The Ensign frequently published articles on the ERA, including statements by President Spencer W. Kimball. Leaflets were widely distributed discussing the issue and sometimes suggesting how to vote in referendum elections or for state legislators. Anti-ERA speakers were invited to speak in ward chapels; massive letter-writing campaigns were mounted. A Boston Globe headline read, “It’s Do or Die for the ERA: Mormon Power Is the Key.” Nationally the tide was turning. By 1982 the ERA was dead.

The major “family values” public policy issue currently facing religious conservatives in the United States is same-sex marriage. The 1995 family proclamation was emphatic that marriage can exist only between a man and a woman, ordained as such by God and “essential to His eternal plan.” About gays and lesbians Hinckley told a 1998 General Conference: “We cannot stand idle if they indulge in immoral activity, if they try to uphold and defend and live in a so-called same-sex marriage situation. To permit such would be to make light of the very serious and sacred foundation of God-sanctioned marriage and its very purpose, the rearing of families.”

This became a pressing matter in 1993 when the Hawaii Supreme Court said the state had no constitutional right to bar same-sex marriage licenses. The “full faith and credit” clause of the U.S. Constitution requires all states to honor each other’s statutes and legal bonds, and moral traditionalists feared that homosexual marriages would have to be recognized nationwide. The Mormon Church was active with other religious groups in the legal maneuvering, as well as in the 1998 referendum in which Hawaiian voters, by 69 percent, gave the legislature the power to ban same-sex marriages.

The church also played a dramatic role in Alaska, where a superior court judge had ruled in favor of a gay couple’s marriage application. The Mormon Church contributed $500,000 to the successful 1998 referendum drive to ban same-sex marriages, quintupling the war chest of the Alaska Family Coalition. It was the largest contribution to a ballot measure campaign in state history.

In a 2000 brief with the U.S. Supreme Court, the church said it would cease its cherished sponsorship of 30,000 Boy Scouts troops with 400,000 participants if the organization were legally forced to have openly gay leaders. Activism escalated after the Supreme Judicial Court allowed same-sex marriage in Massachusetts in 2004. The Mormon governor Mitt Romney failed in efforts to have the legislature call a referendum on the issue.

The LDS First Presidency stated that the church “favors measures that define marriage as the union of a man and a woman and that do not confer legal status on any other sexual relationship,” thus opposing civil unions as well as gay marriages. In 2006, church leaders called upon believers to back a federal marriage amendment to the Constitution. In that cause, Apostle Russell M. Nelson was among those forming the Religious Coalition on Marriage, alongside the nation’s Catholic cardinals; white, black and Hispanic Evangelicals and Pentecostalists; conservatives within “mainline” Protestant denominations; and leaders from the Southern Baptist Convention, Lutheran Church-Missouri Synod, Eastern Orthodox Christianity, and Orthodox Judaism.

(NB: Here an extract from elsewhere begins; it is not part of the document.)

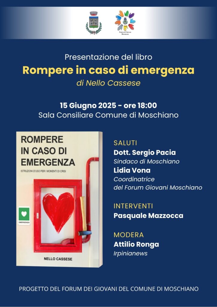 MOSCHIANO – La scrittura può salvare un giovane di memo di 30 anni in un momento negativo della propria esistenza, anche se il protagonista di questi nove giorni di esplosione di emozioni e’ un giornalista? Sara’ una delle domande su cui oggi, promosso dal Forum dei Giovani di Moschiano e dal Comune di Moschiano, i giovani del comune del Vallo di Lauro si confronteranno con l’autore di “Rompere in caso di emergenza”, il giornalista Nello Cassese, direttore di Zerottantuno News e corrispondente dal Vallo di Lauro e Baianese de “Il Mattino”. Un libro di straordinaria attualità, proprio alla luce dell’epilogo di vicende di storie di amore chiuse e finite nel sangue. Dopo i saluti del sindaco Sergio Pacia e della presidente del Forum Lidia Vona, sarà lo stesso autore a parlare del suo libro e ci sarà l’intervento di Pasquale Mazzocca, componente del Forum. A moderare l’incontro Attilio Ronga.

It remains to be seen how the church’s involvement in such U.S. political controversies might affect its image, status, and activities overseas. But however public issues evolve in the United States and elsewhere, the church’s twenty-first-century stand on the family is clear. The family, defined in notably old-fashioned and prefeminist terms, is the basic unit of secular society and of the church. The LDS authorities consider it among their most sacred trusts to do everything in their power to protect it.